Нас удивляло, что она не вспоминает о Сальвадоре. Ведь мы всё сильнее скучали без него — с тех пор, как брат уехал, дом опустел. Сальвадор часто писал нам, и в письмах явственно ощущались его любовь и нежность, хотя, конечно, мадридская жизнь и круг друзей, о каких можно было только мечтать, заглушали его тоску по дому. Странно, что и он ни в одном из писем ни разу не вспомнил о бабушке, хотя мы в подробностях описывали ему домашние новости.

Вечерами бабушка и Лусия вместе молились у ниши, где за лампадой — как они заботились, чтоб этот огонек не погас! — окутанная трепетным теплым светом стояла деревянная статуя Христа старинной работы. Я уже говорила, что вырезал ее один из наших прапрадедов, замечательный скульптор. Освятил же сам епископ, и две старушки часами молились перед ней, свято веруя в спасение души. Лампу они не зажигали, светила только лампада. Комната тонула в полумраке, а тишину нарушало лишь еле слышное постукивание четок — привычно скользили они в морщинистых руках, а губы шептали молитву. Мы приоткрывали дверь, видели два силуэта и тихонько уходили, чтоб не мешать. Как удивителен был контраст между полутемной спальней бабушки и остальным домом, залитым солнечным светом! Казалось, в ее комнате время остановилось, и ни Лусия, ни бабушка этого не заметили, так им было хорошо друг с другом. После молитвы, не зажигая лампы, старушки усаживались за стол и доставали коробку с мармеладом.

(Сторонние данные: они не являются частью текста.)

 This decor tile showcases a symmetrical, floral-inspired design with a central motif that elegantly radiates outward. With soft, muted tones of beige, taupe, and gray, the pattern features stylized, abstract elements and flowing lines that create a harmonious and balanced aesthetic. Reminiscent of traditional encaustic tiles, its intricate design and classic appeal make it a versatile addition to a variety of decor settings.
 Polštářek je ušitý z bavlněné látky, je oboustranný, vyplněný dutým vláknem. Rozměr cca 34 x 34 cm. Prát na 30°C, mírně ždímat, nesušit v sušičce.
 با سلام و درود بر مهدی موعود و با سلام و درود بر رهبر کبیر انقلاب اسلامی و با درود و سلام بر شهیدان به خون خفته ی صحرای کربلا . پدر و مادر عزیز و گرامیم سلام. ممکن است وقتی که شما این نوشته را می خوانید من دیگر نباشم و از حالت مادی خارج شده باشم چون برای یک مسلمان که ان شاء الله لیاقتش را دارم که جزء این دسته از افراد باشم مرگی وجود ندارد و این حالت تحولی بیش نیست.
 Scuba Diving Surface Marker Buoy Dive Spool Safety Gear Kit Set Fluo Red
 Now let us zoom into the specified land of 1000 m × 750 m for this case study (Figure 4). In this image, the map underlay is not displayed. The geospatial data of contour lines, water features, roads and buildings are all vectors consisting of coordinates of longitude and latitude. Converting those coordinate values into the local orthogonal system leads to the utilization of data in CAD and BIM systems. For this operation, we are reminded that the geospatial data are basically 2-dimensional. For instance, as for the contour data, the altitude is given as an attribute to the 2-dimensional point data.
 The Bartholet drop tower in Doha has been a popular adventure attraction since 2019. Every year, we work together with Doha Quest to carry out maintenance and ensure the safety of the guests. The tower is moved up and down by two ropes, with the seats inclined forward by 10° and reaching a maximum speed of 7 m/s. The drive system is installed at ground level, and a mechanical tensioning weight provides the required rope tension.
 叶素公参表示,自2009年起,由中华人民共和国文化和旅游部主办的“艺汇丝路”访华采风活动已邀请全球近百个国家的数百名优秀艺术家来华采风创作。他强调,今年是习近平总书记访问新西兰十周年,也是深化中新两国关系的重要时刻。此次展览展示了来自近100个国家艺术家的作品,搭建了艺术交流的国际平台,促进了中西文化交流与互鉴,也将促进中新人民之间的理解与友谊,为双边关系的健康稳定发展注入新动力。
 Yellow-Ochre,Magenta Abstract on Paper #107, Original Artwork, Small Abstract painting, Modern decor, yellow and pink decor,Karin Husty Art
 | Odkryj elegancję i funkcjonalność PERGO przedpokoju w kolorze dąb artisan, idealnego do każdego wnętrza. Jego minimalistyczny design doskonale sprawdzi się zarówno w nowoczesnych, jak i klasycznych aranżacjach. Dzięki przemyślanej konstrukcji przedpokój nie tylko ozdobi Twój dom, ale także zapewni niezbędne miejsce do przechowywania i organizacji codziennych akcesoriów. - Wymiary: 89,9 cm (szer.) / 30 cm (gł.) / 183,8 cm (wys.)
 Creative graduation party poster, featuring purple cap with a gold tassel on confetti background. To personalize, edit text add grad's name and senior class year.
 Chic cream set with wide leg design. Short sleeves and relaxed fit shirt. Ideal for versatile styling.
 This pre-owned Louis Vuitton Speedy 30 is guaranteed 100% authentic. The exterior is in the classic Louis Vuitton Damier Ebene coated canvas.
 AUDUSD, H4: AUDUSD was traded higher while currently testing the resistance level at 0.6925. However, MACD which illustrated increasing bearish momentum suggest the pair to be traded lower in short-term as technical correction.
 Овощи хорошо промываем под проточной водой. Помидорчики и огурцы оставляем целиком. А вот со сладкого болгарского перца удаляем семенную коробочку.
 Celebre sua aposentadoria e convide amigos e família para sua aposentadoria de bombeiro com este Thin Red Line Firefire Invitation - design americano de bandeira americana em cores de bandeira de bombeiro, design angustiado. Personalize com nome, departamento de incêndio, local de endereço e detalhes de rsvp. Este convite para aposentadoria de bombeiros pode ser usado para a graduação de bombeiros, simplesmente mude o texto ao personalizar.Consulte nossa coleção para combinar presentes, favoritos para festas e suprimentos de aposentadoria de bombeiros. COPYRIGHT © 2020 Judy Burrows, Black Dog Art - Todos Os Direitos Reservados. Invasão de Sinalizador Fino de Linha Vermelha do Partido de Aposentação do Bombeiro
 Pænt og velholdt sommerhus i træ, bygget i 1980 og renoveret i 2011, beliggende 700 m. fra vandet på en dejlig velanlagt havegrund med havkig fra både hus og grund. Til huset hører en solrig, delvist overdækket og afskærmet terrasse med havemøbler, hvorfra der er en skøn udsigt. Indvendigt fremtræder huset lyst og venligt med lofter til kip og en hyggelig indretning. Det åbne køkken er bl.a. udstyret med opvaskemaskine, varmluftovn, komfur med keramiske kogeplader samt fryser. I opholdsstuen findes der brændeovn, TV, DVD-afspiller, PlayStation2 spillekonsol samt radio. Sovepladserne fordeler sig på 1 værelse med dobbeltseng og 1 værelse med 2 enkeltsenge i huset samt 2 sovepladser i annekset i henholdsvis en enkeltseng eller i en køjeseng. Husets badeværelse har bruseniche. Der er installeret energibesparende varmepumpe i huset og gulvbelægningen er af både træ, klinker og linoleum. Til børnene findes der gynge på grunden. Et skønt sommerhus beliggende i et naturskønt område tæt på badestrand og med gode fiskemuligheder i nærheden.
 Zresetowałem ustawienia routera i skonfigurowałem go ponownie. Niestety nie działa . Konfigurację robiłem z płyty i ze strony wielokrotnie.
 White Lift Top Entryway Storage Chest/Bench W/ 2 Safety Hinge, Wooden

Их тени скользили по стенам, беспокойно подрагивая в свете лампады, а бабушка и Лусия погружались в милое их сердцу прошлое, вспоминая холода ушедших зим и зелень невозвратных весен.

Потом Лусия, подобрав добрую дюжину своих юбок — батистовую, отороченную кружевом, фланелевую, тонкого сукна и бархатную (самую яркую, нарядную и великолепно заштопанную!), — танцевала какое-то подобие вальса и, медленно покруживаясь, напевала летрилью* Гонгоры “Пускай народ смеется, а мне неплохо пьется!”. И юбки ее взлетали, шелестели и цеплялись за стулья.

Бабушка, восседая на кресле, улыбалась, кивала головой в такт мелодии и тем выражала Лусии свое полное одобрение. Чуть кокетливо она поправляла маленькую черную кружевную косынку, которую всегда прикалывала немного выше свернутой в пучок седой косы. Бледное лицо, до старости сохранившее правильность черт, точеный профиль — они с Сальвадором сильно походили друг на друга. А какой ясный, какой живой взгляд! Редко увидишь такие глаза в девяносто лет.

Однажды утром бабушка сказала, что неважно себя чувствует — “устала”, и не захотела подняться с постели. У нее ничего не болело, только клонило в сон. Мы забеспокоились и послали за доктором Брусесом. Он пришел, осмотрел бабушку и сказал:

— Она не больна. Это старость, глубокая старость и больше ничего.

Доктор почему-то спросил ее о внуке, и бабушка, вопреки ожиданиям (мы ведь были уверены, что она забыла Сальвадора), приподнялась и, глядя врачу прямо в глаза, торжественно объявила:

— Мой внук в Мадриде. Он учится на художника. Мой внук будет великим художником. Самым лучшим художником Каталонии!

Сказала — и снова опустилась на подушки, ища глазами золотой ободок ниши со статуей Христа, слышавшей столько ее молитв. Потом уснула. В комнате царил полумрак, светила лампада. И мы потихоньку вышли, прикрыв дверь, чтобы не беспокоить бабушку.

Спустя час, когда мы наведались посмотреть, как она, бабушка уже спала вечным сном. Лицо ее было так же спокойно и безмятежно, как час назад, так же сложены руки. Она легко шагнула в иной мир, но казалось, она еще здесь — просто спит, как спала, когда ушел доктор. Смерть не потревожила ее — пришла во сне. И бабушка не боялась. Ее чистая душа давно была готова к встрече и, смиренно свыкаясь с неизбежным, ждала перехода.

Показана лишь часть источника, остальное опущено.